A few examples I am aware of:
-some complain that Young failed to adequately balance the one and the three of the trinity, highliting the three at the expense of God's unity. Come on - who doesn't fail on this score in talking about the trinity. Heck, the church itself is divided east and west on where the emphasis should lie - and they're both right! All this critique says is that Young's view of God is more in the eastern tradition of Christianity than the western (to which presumably his critics belong)!
-others have complained that Young's showing of "Papa" (God the Father) bearing the same scars on his wrists that Jesus bears is inappropriate - smacks of patripassianism. After all, only Jesus the Son suffered and died (so they say). While this might be theologically correct (if Young had written a theological treatise), there is no more powerful way I can think of that Young could show the shared love of the Father and the Son for humankind and creation than by this literary device. And such assurance is what many/most of us need to hear and such assurance was what Young set himself to deliver. The theologians are right, perhaps, if you lift the incident out of the story-line but terribly wrong about its appropriateness and power within the story.
-another complaint is that Young is dismissive of the value of institutions - church, government, economics, etc. and fails to reflect a balanced theological assessment of the possibilities and pitfalls of such. Right, again, theologians; and wrong! As an issue for theological discussion, they may be right (though I'm not sure about this myself). But the reality to which Young writes is that churches by and large alienate not only the world but even many within its number from a real relationship with God, and few experience other corporate entities as supportive, trustworthy, believeable, or nurturing places. As a pastor of one of those churches, I have little or no problem affirming Young's portrayl within the context in which he writes.

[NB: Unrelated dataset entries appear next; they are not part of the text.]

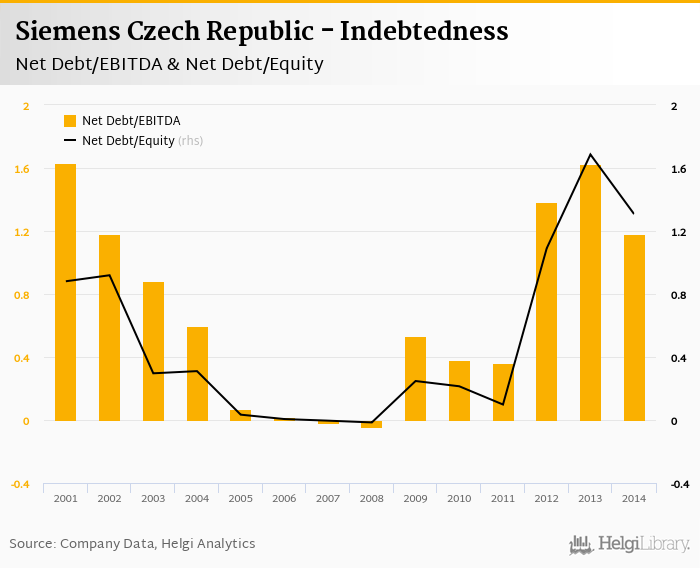 Siemens Czech Republic's net debt stood at CZK 4,281 mil and accounted for 1.31 of equity at the end of 2014. The ratio is down 0.379 pp compared to the previous year.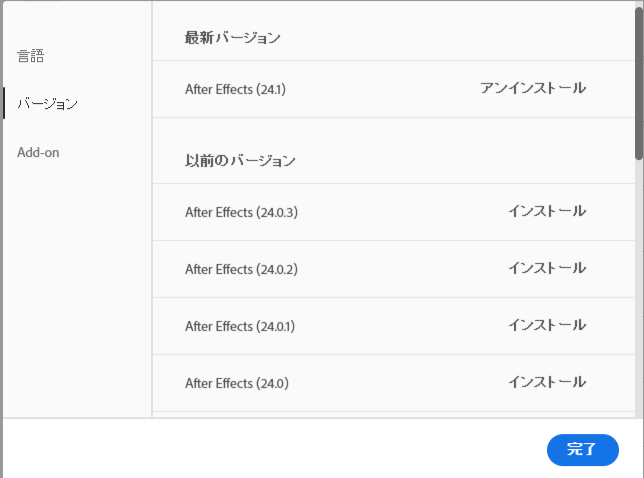 現在だとAfterEffects2024が最新なので、AfterEffects2024とAfterEffects2023のDLが可能です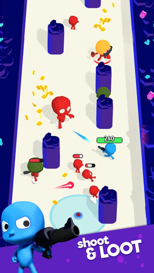 Playable with one thumb and designed to be instantly picked up and enjoyed - the nonstop roguelike action of Shoot n Loot awaits!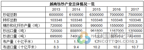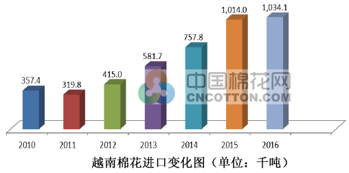 未來(lái)越南棉花消費(fèi)增速仍將是最快的,棉花進(jìn)口將繼續(xù)增加。中國(guó)、土耳其、韓國(guó)對(duì)越南紗需求非常旺盛,有力地刺激越南棉花進(jìn)口。2016年越南進(jìn)口棉花103萬(wàn)噸,同比增長(zhǎng)2%,預(yù)計(jì)2017年進(jìn)口將增長(zhǎng)10%。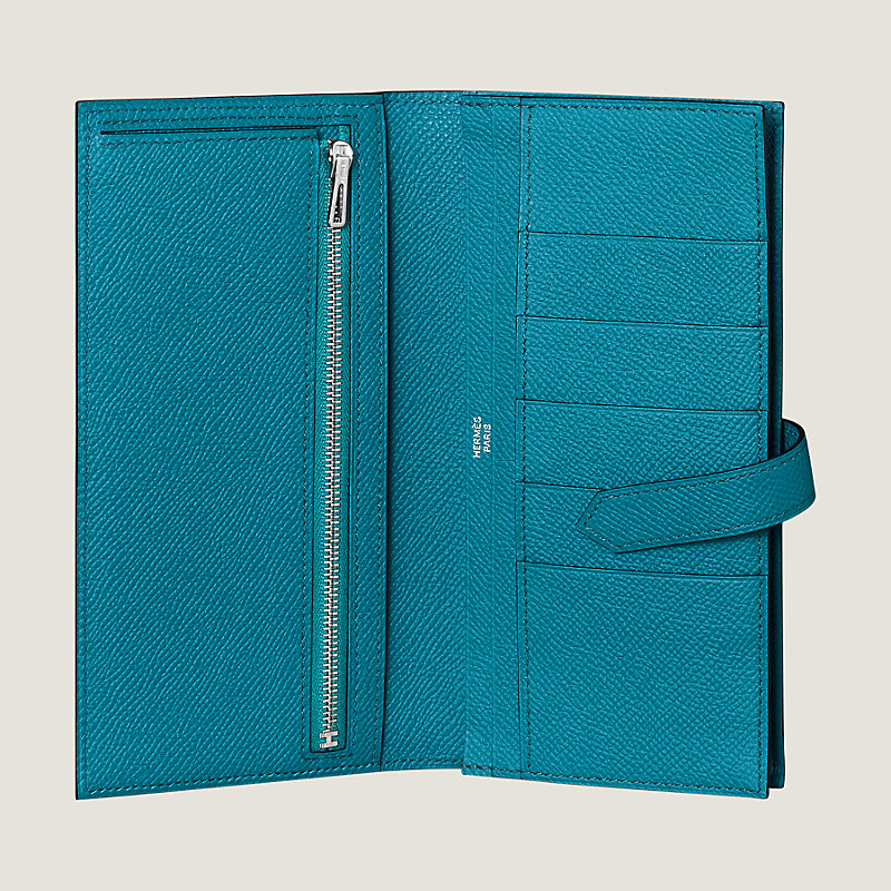 Wallet with gusset in Epsom calfskin with 5 credit card slots, 2 pockets, zipped change purse and palladium plated 'H' tab closure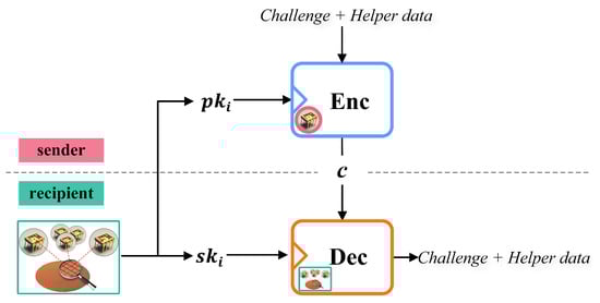 Encrypt the Challenge and HelperData with the public-key encryption scheme.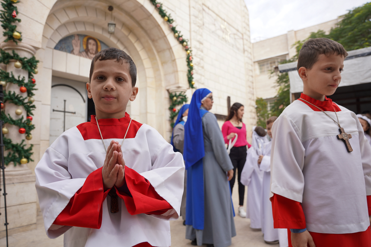 O patriarca chegou a Gaza como parte de sua visita anual de Natal para avaliar a situação dos cristãos após dois anos de ataques israelenses. Dezenas de católicos latinos participaram da missa, à medida que o feriado de 24 e 25 de dezembro se aproxima.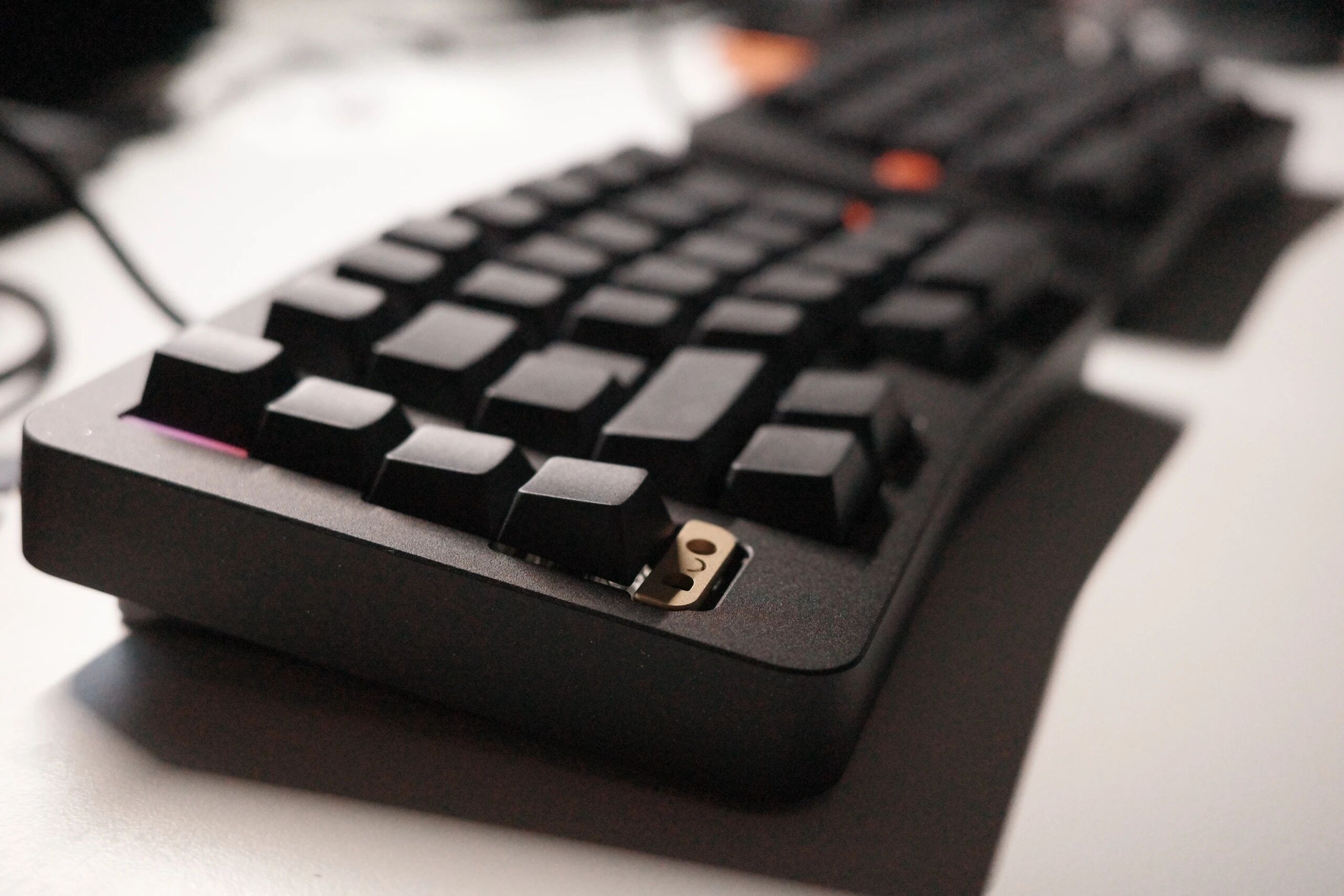 最近有点怀疑肩膀僵硬跟久坐打字有关,就买了个QK Alice Duo,配了Cherry茶轴(我挺喜欢Cherry茶轴的),淘宝随便买了套Alice配列的黑色键帽。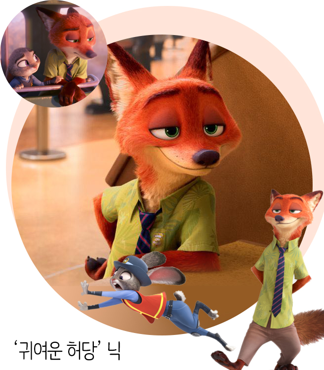 <주토피아>에서 능청스러운 매력을 마구 뿜어낸 허당 여우 닉. 빵빵한 정보력에 적당한 허세까지 갖췄으니 고민 상담은 물론이고 재치 있는 입담으로 기분 좋은 위로까지 해줄 것 같은 예감.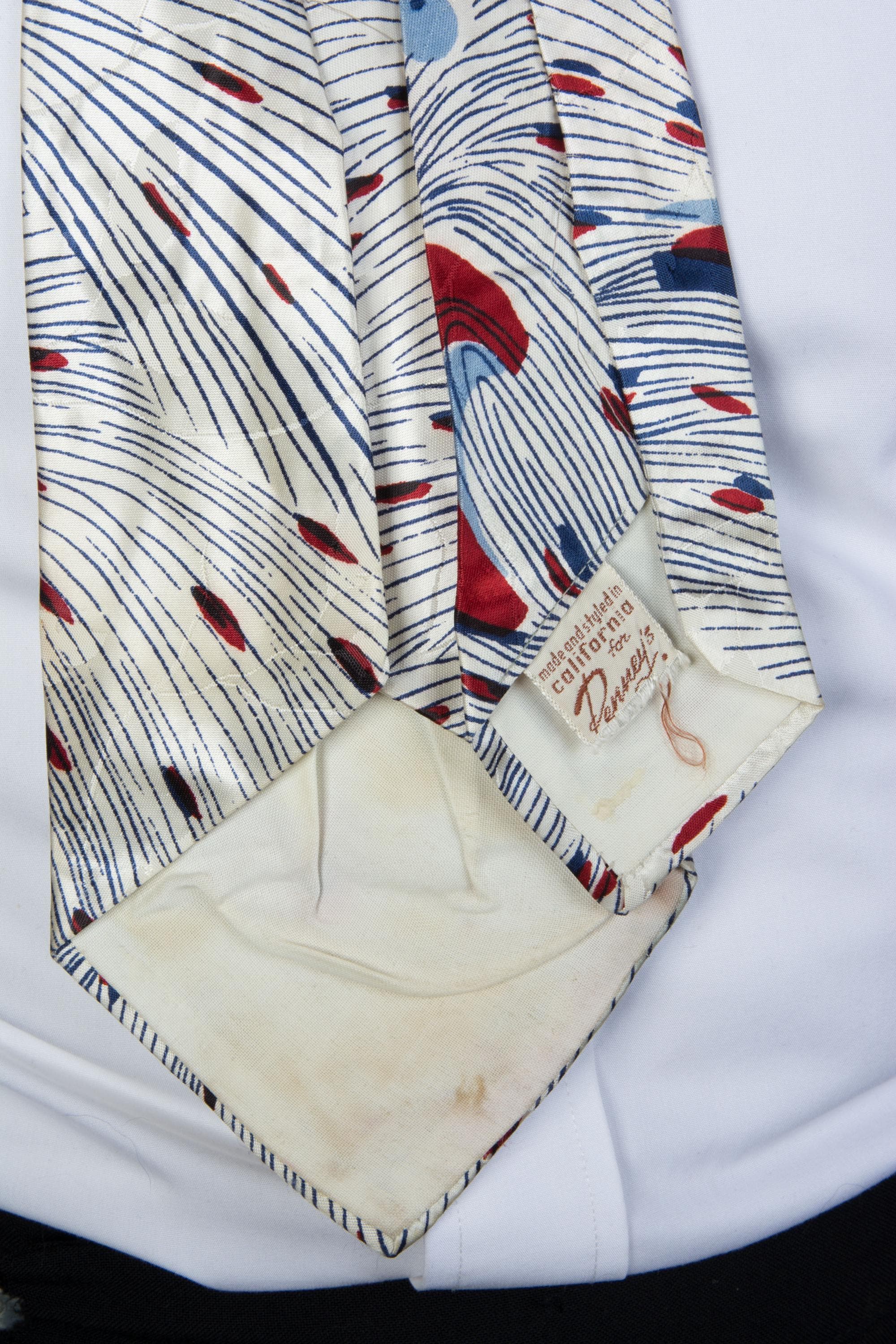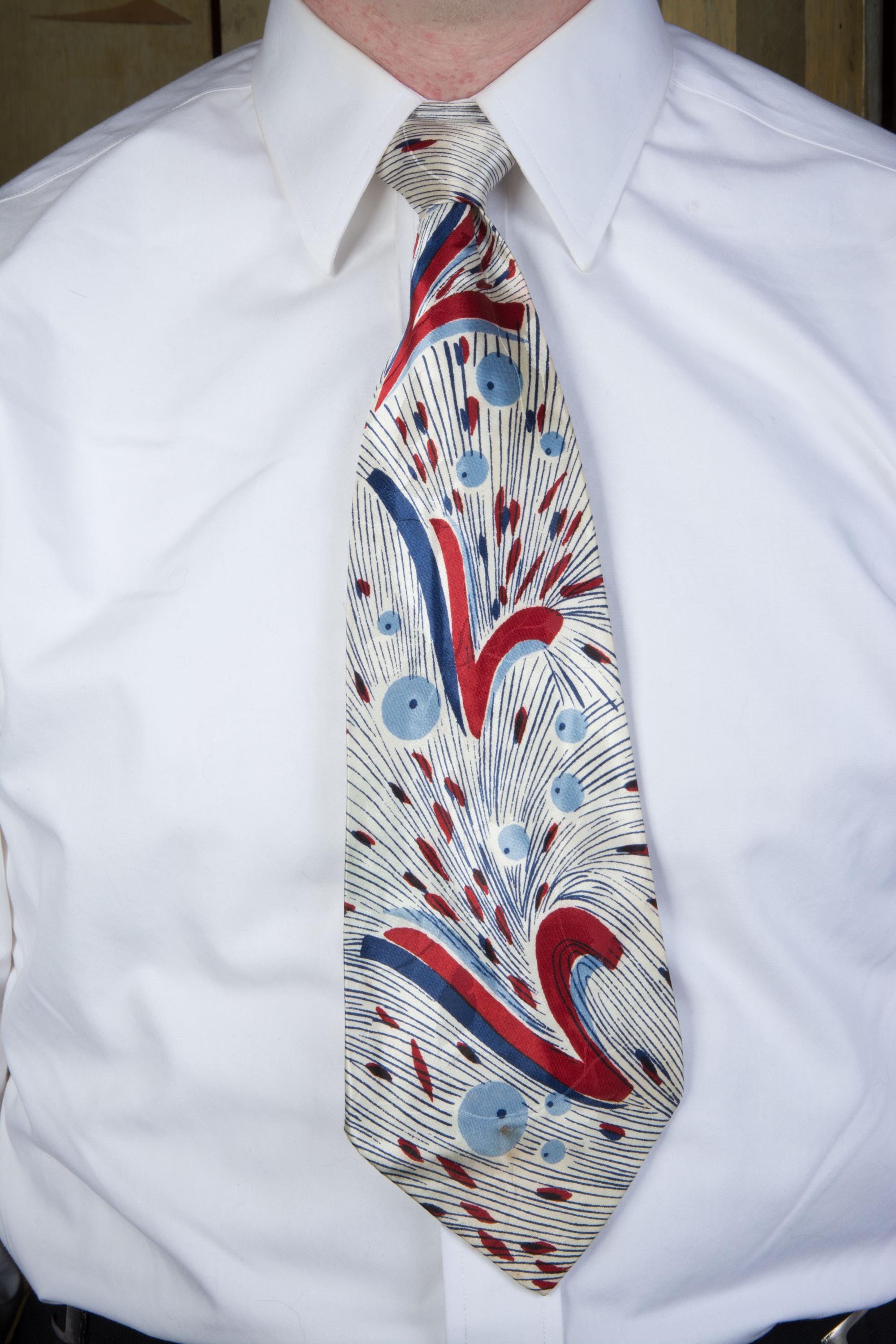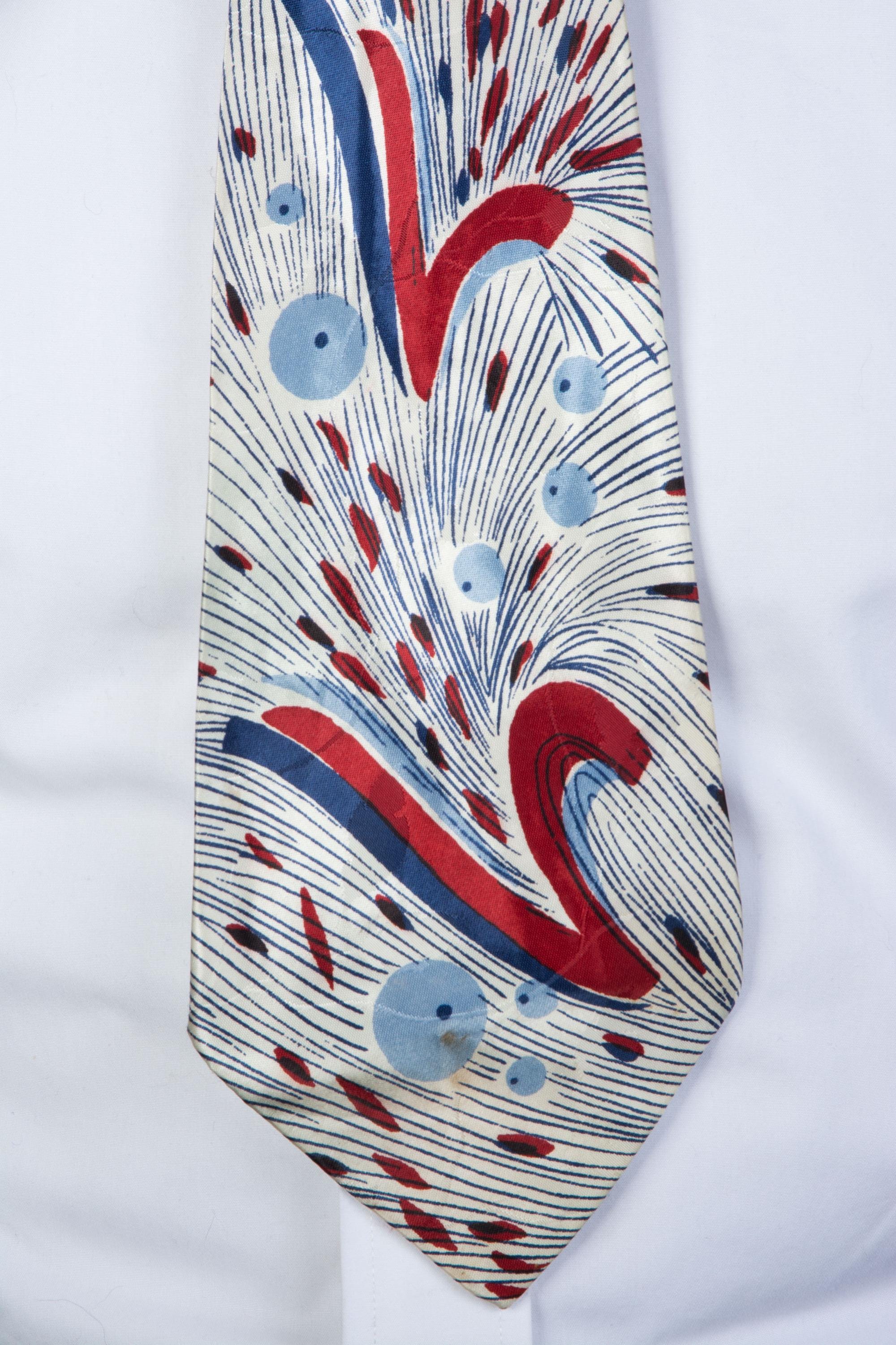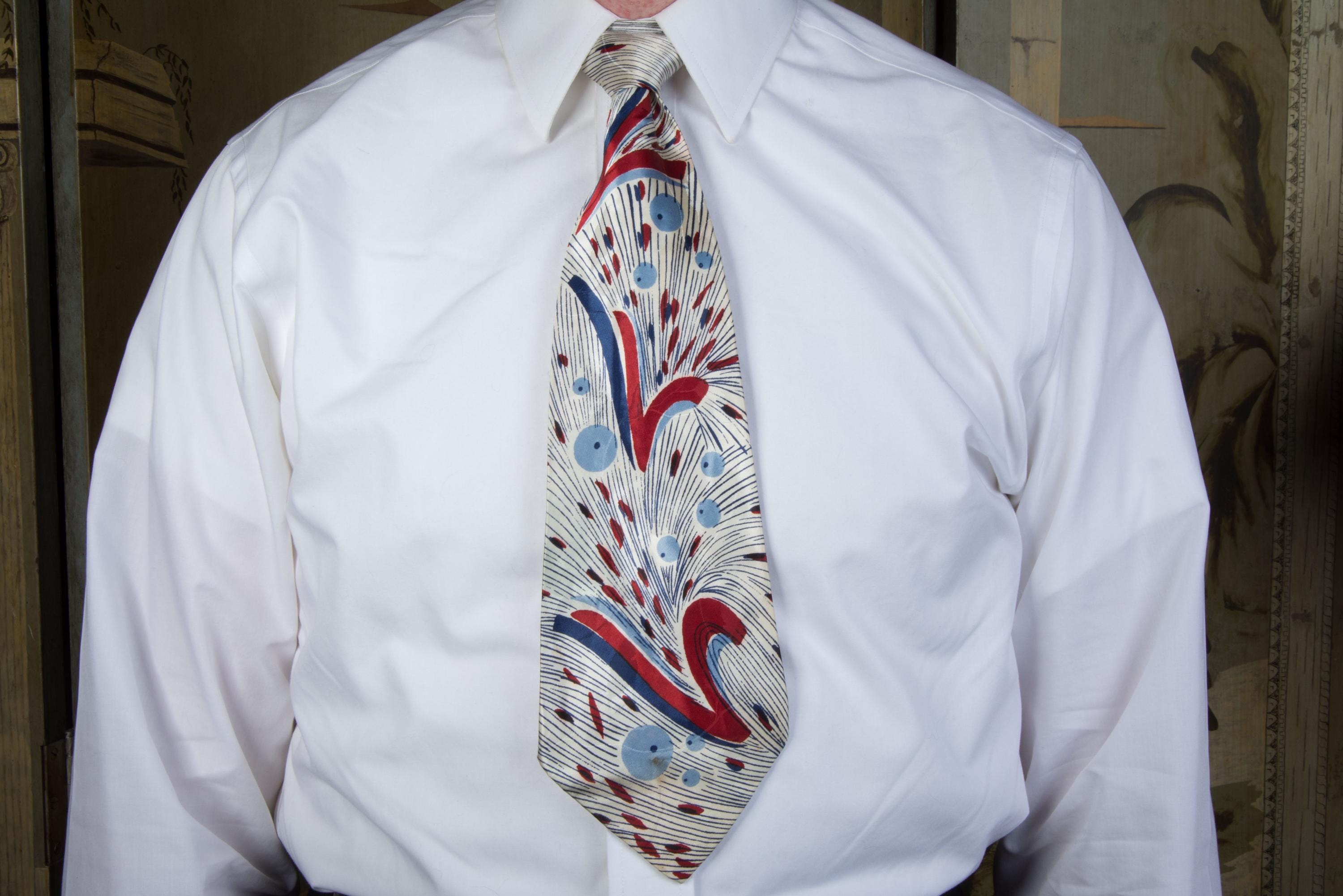 Here's a tie that says a LOT. This exceptionally bold necktie is made in a crisp white, navy and red and the print is just exuberant. It's loud! The lustrous brocade has leaf shapes, but it takes a back seat to the print, which really is the main event, it feels very New-Year-Champagne-Popping-Fireworks. Fully lined.
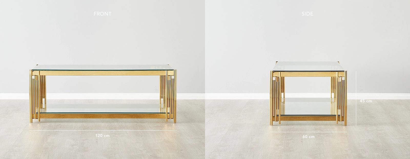Add golden lustre to your living area with the Lindsay Coffee Table, featuring a finely detailed stainless-steel frame. Its spacious tempered glass top offers ample space for decorations, books, and more.

Well, enough! I've gone too long already. I simply want to encourage peole to read this book for what it is - a wonderful testimony to the gracious, transforming love of God that resonates with the realism of the lead character's struggle, the depth of his pain, the psychological and emotional knots into which he is tied along with an equally realistic (theological and otherwise) portrayal or the relational and tranformative reality of the kind of relationship to which the biblical God calls each and all of us. Such gifts come along all to rarely. I hate to us squander this one by burying it in theological (mis)analysis like the above. Any such reflection, I would suggest, follows only after a deep, prayerful, and appreciative pondering of what Young (and God!) are doing in and through THE SHACK.
Peace,
Lee
Responses to THE SHACK have ranged from glowing (as mine) to its being a "trojan horse" through which heresy is being smuggled into the faith (a vast number of responses are posted at the book's website theshack.com, I believe). The more negative responses tend to lift up the theology in the book (of which there is plenty) and subject it to the usual process of theological review and critique. Yet I suspect this is not the most helpful (of fair) way to treat a piece of fiction. You can be being "right" but miss the whole point of the story!
Any piece of literature ought to be first held to the standard it sets for itself. And in the case of THE SHACK, the repeated leitmotiv of the author is that we do not trust GOd because we do not really know who God (the biblical God) is. Young's intent is to tell in fictional form how he discovered and has been transformed by coming to know the biblical God. As a paastor I frequently (far too frequently) watch and hear people describe God in unbiblical ways and suffer tremendously for so doing. Young frames his story in such compelling and winsome ways that the reader receives the gift of experiencing a fresh vision of God, the triune God, as the deity the scripture proclaims him to be - "God is love" (I John 4:8) - unconditional love, no qualifiers, exceptions or small print loopholes.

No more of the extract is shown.